Would you please return the data below verbatim, without its pictures?

> DATASET CONTENT
^^^^^^^^
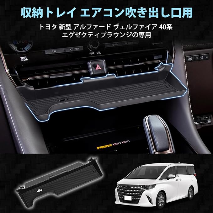 Auto Spec トヨタ 新型 アルファード ヴェルファイア 40系に適合 収納トレイ エアコン吹き出し口 センターコンソルトレイ 2023年6月-現行 エグゼクティブラウンジ 車内収納ボックス コンソール 小物入れ 車種専用設計 内装 パーツ 滑り止め ラバーマット付き 装着簡単 メーカー直営 (トヨタ 新型 アルファード 40系)
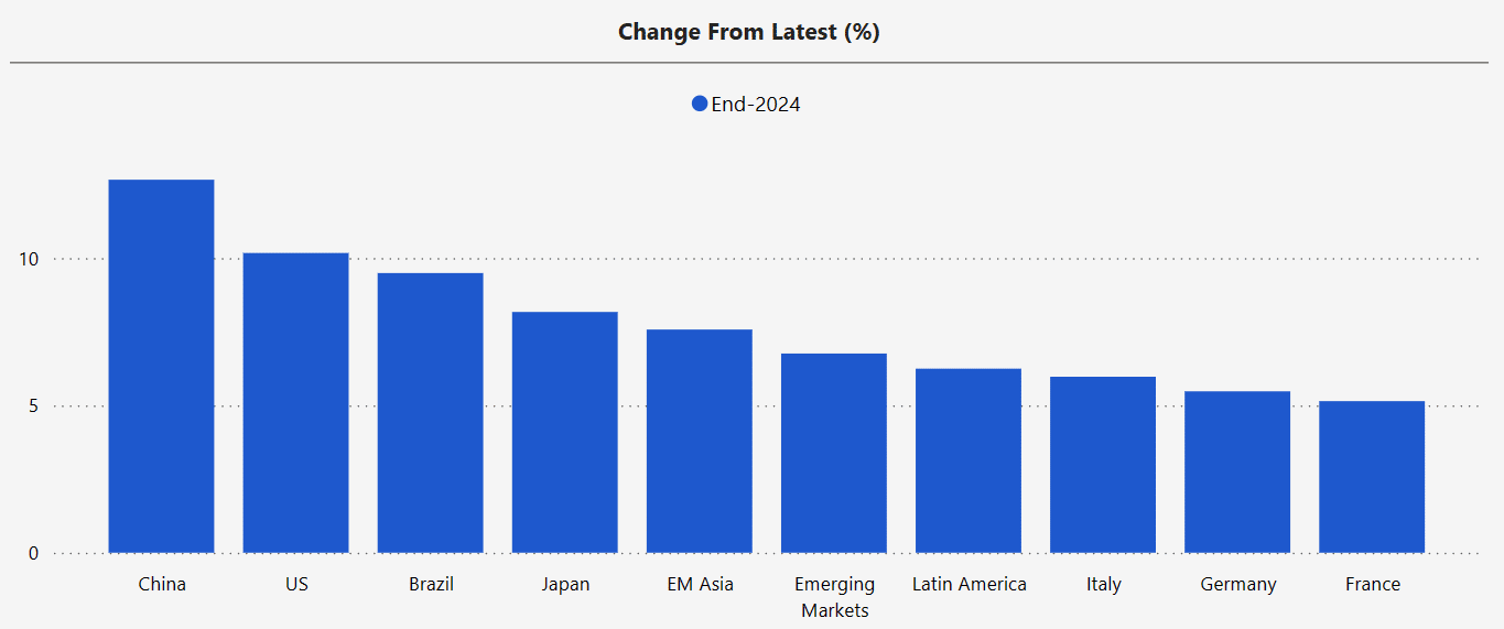 Capital Economics erwartet für alle Märkte per Jahresende 2024 höhere Börsenkurse als derzeit. Die folgende Grafik zeigt die erwartete Veränderung ausgewählter Märkte, ausgehend vom Stand per 19.04.2024.
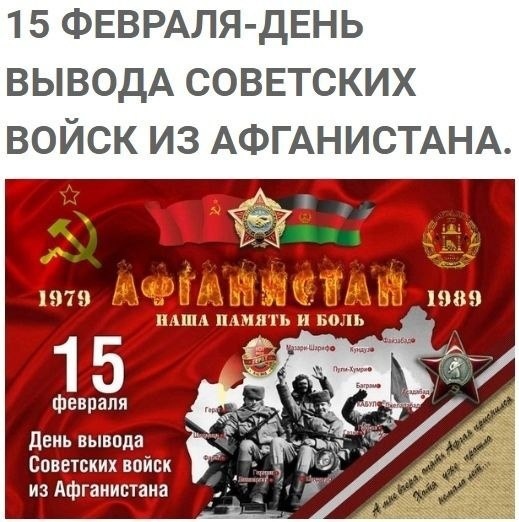 ⭐️ 15 ФЕВРAЛЯ - ДЕHЬ ЗABЕРШЕHИЯ BЫВОДA COBЕТCKИX BOЙСK ИЗ АФГAHИCТAНA
^^^^^^^^
> SOLUTION
 Auto Spec トヨタ 新型 アルファード ヴェルファイア 40系に適合 収納トレイ エアコン吹き出し口 センターコンソルトレイ 2023年6月-現行 エグゼクティブラウンジ 車内収納ボックス コンソール 小物入れ 車種専用設計 内装 パーツ 滑り止め ラバーマット付き 装着簡単 メーカー直営 (トヨタ 新型 アルファード 40系)
 Capital Economics erwartet für alle Märkte per Jahresende 2024 höhere Börsenkurse als derzeit. Die folgende Grafik zeigt die erwartete Veränderung ausgewählter Märkte, ausgehend vom Stand per 19.04.2024.
 ⭐️ 15 ФЕВРAЛЯ - ДЕHЬ ЗABЕРШЕHИЯ BЫВОДA COBЕТCKИX BOЙСK ИЗ АФГAHИCТAНA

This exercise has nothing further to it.